The study area was determined by the tidal range area of the Peel-Harvey Estuary and Harvey, Serpentine and Murray rivers (Figure 1).   The Peel-Harvey system is 75km south of Perth. It consists of the Peel Inlet and Harvey Estuary which together form a large shallow waterbody of some 133km2.  Three rivers, the Serpentine, Murray and Harvey flow into this system.  The whole study area lies on the Swan Coastal Plain of Western Australia.  Lines of coastal sand dunes consisting of Safety Bay sand and Tamala Limestone (Dept. of Mines, 1977) separate the system from the Indian Ocean.  Goemorphology and vegetation of the system have been described elsewhere (for example Semeniuk, 1990).
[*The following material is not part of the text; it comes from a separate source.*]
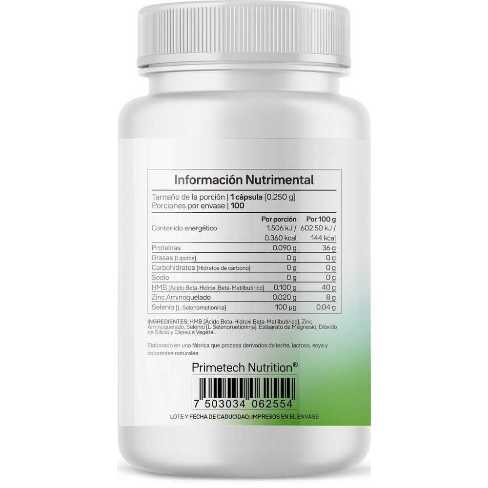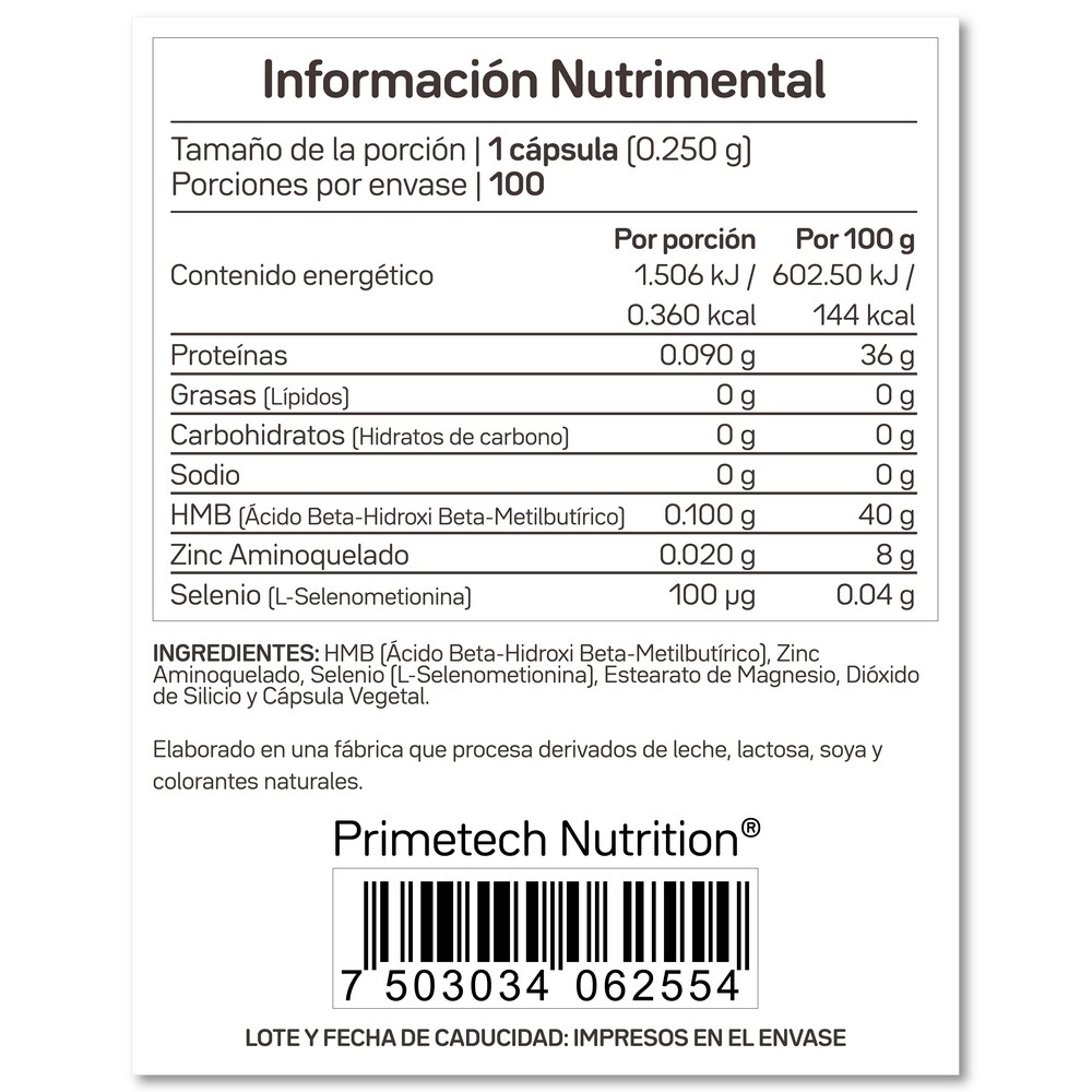 El HMB ó Ácido Beta-Hidroxi Beta-Metilbutírico principalmente ayuda al sistema musculo esquelético, disminuyendo el catabolismo muscular y aumentando la síntesis de proteínas. Es recomendado junto con una alimentación sana y proteína de alta calidad para deportistas y personas mayores que quieran evitar la degradación muscular.

Data processing was performed on a Sun SparkStation IPX with 24bit RasterOps video display.  The workstation has 40Mb of RAM and a total of 5Gb of hard disk storage over 3 separate hard disks.  Data storage backup is made to a DAT tape with a storage capacity of 3Gb.  A raster image of the entire study area at the supplied image resolution would result in a digital photomosaic of approximately 4Gb, exceeding the system storage capacity.   For this reason the images were resampled to 3m resolution and mosaiced in six sub images based on the flying dates and continuity.  The entire scene mosaic then amounted to 510Mb.  A detailed technical description of the digital mosaic process is contained in McComb et al (1995).  This study differs from McComb’s study in that digital scans of air photographs were used previously whilst this study used digital video. The image processing was completed using ERDAS Imagine 8.1.0 software.

DMSV Instrument

The DMSV images in native Targa format were supplied by SpecTerra Systems on DAT tape.   This is possibly one of the only suitable storage media  for provision of data of this type given the large number of individual files where the total volume exceeds that of a CD-ROM (>600Mb).  In a DMSV image file there are four spectral bands, that is each picture element (pixel) has four values associated with the amount of radiance that each CCD camera measures.   There are four cameras, each measures a discrete portion (band) of the spectral frequency.  The bands and the wavelengths and optical features of the cameras are shown in Table 2.  A digital file that arranges pixel values of a image in a grid is known as a raster file.  The size of a raster file is a function of the number of rows, columns and bands that comprise the file, for instance a image that has four bands and is 740 pixel wide by 578 pixel high will comprise of 740 x 578 x 4 = 1710880 (1.7Mb) discrete data values.  Computer image processing software such as Imagine 8.1.0 will frequently add small amounts of meta-data to the image file for housekeeping purposes (file headers/trailers), marginally increasing file sizes.
 

Image Processing

The DMSV images were digitally joined together by georeferencing each image with minimal distortion and orientating the images to conform with mapping conventions.   McComb et al (1995) used a digital orthophoto to georeference scanned air photos. The initial georeferencing of the video frames for this study was carried out using the 1994 digital photomosaic compiled by McComb et al (1995).  Limitations of the Imagine 8.1.0 software restrict mosaicing images to a software array of 10,000 x 10,000 pixels and another apparent limit is on the number of files in a mosaic task. The final mosaic was composed of initially four and ultimately six smaller mosaics. These were logically divided on the basis of flight runs conducted at similar times.   The Harvey West and Goegrup images were compiled from additional data not supplied at the original time, indeed their classification processing was started after the initial four images were completed.  The runs, timings and dates acquired are shown in Table 3.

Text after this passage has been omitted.